### TASK DIRECTIONS
Starting at the line that contains "Mit dem Rücksetzer" and stopping at the line that contains "Stone tower of", restate each line of the records below exactly. Omit the pictures.

### RECORDS PROVIDED

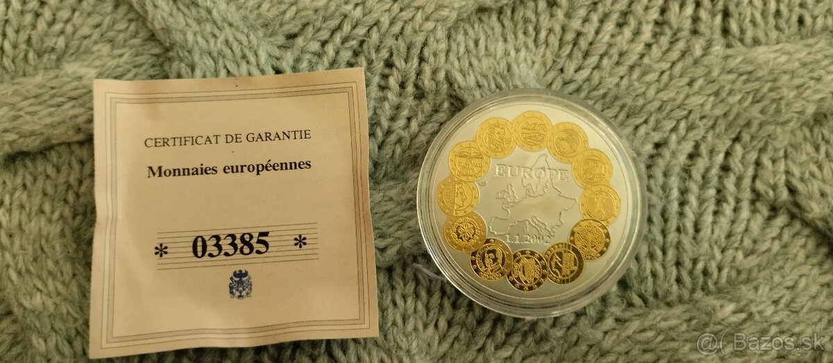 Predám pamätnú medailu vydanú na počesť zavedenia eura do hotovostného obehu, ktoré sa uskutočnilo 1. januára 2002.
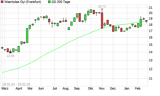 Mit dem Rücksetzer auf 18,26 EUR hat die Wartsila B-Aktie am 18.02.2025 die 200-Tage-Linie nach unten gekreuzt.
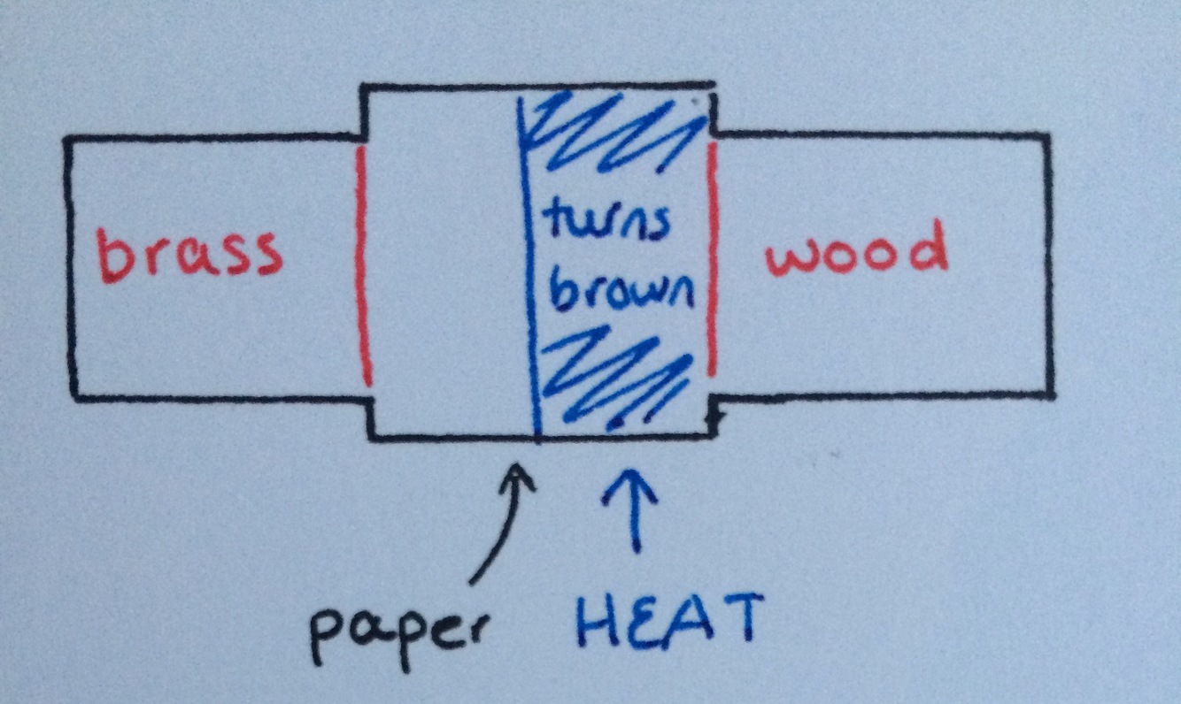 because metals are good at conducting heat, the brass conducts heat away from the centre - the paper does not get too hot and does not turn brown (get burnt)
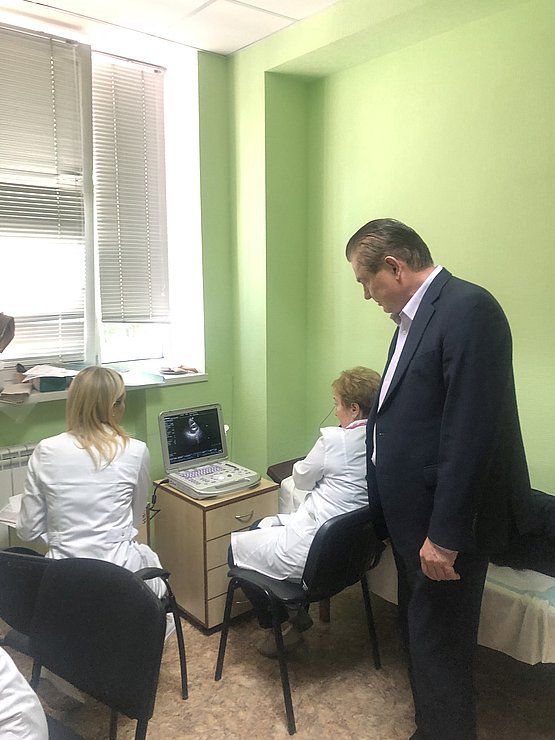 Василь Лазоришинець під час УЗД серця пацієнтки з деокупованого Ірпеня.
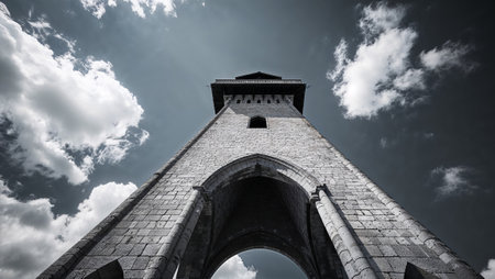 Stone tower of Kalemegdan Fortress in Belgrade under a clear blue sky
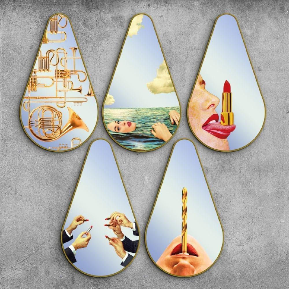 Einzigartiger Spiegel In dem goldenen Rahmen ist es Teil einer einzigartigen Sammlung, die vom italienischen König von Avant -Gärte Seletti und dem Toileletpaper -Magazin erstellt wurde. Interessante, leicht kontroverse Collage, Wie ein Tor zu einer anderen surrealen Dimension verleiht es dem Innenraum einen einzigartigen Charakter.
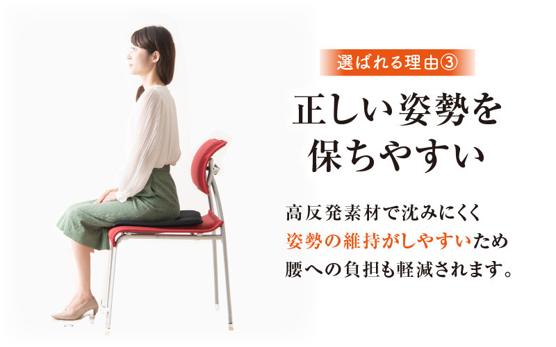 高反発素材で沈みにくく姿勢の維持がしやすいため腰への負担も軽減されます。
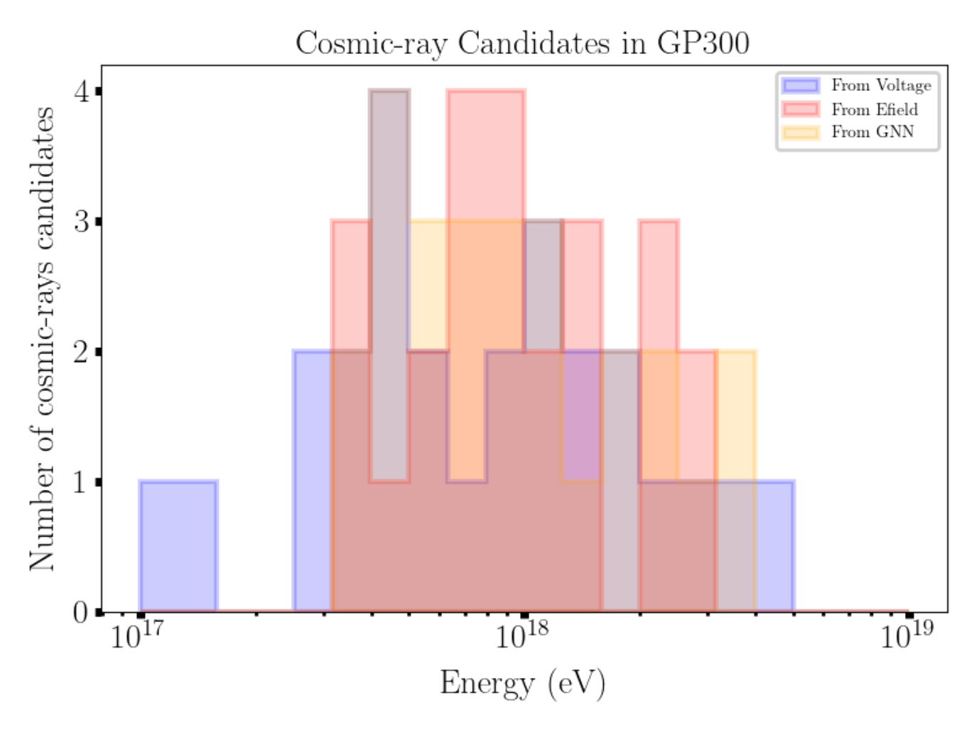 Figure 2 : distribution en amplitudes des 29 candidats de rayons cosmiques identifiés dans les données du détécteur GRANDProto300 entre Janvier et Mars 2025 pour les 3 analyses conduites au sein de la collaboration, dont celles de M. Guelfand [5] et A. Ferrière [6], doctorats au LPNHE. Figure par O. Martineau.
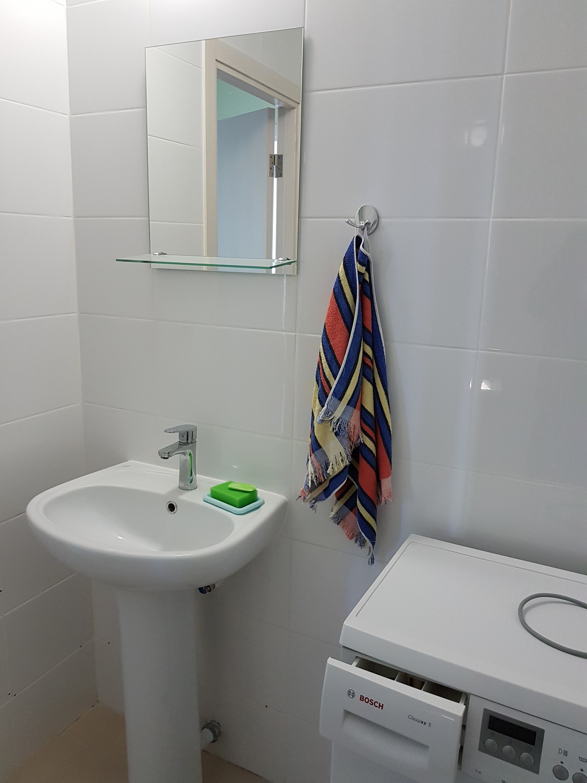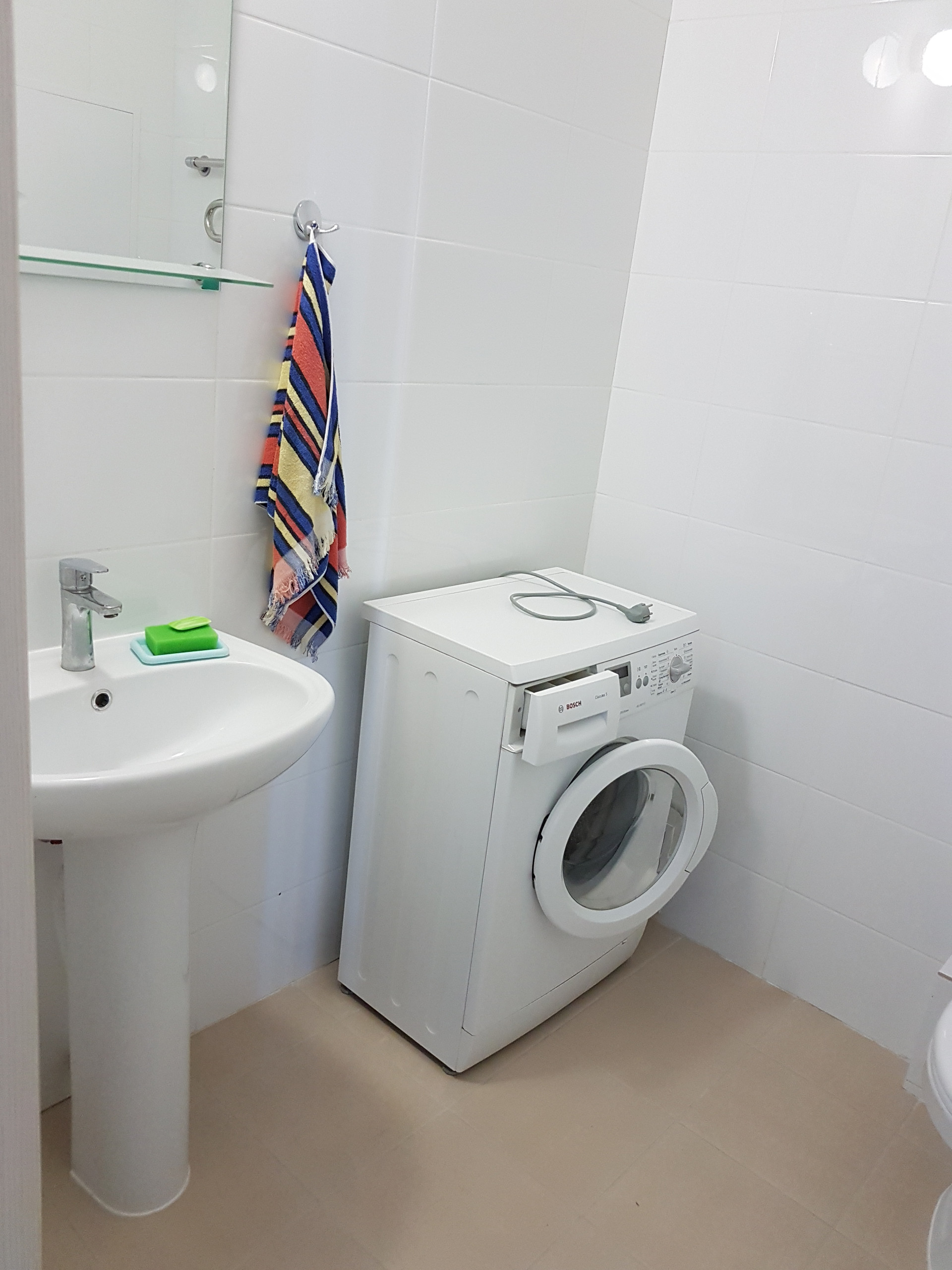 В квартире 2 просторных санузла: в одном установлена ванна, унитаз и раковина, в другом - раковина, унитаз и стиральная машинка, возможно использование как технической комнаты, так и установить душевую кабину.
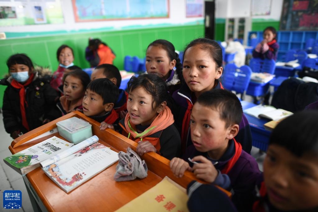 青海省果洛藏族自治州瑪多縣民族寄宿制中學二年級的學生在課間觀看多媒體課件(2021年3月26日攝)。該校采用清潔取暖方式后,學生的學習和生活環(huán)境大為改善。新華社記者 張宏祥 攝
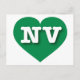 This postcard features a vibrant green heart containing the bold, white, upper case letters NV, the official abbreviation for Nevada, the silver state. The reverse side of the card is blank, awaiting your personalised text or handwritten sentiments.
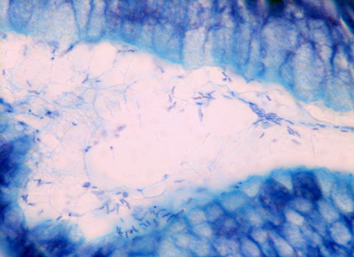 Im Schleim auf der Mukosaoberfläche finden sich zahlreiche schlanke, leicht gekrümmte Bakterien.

### RESULT
 Mit dem Rücksetzer auf 18,26 EUR hat die Wartsila B-Aktie am 18.02.2025 die 200-Tage-Linie nach unten gekreuzt.
 because metals are good at conducting heat, the brass conducts heat away from the centre - the paper does not get too hot and does not turn brown (get burnt)
 Василь Лазоришинець під час УЗД серця пацієнтки з деокупованого Ірпеня.
 Stone tower of Kalemegdan Fortress in Belgrade under a clear blue sky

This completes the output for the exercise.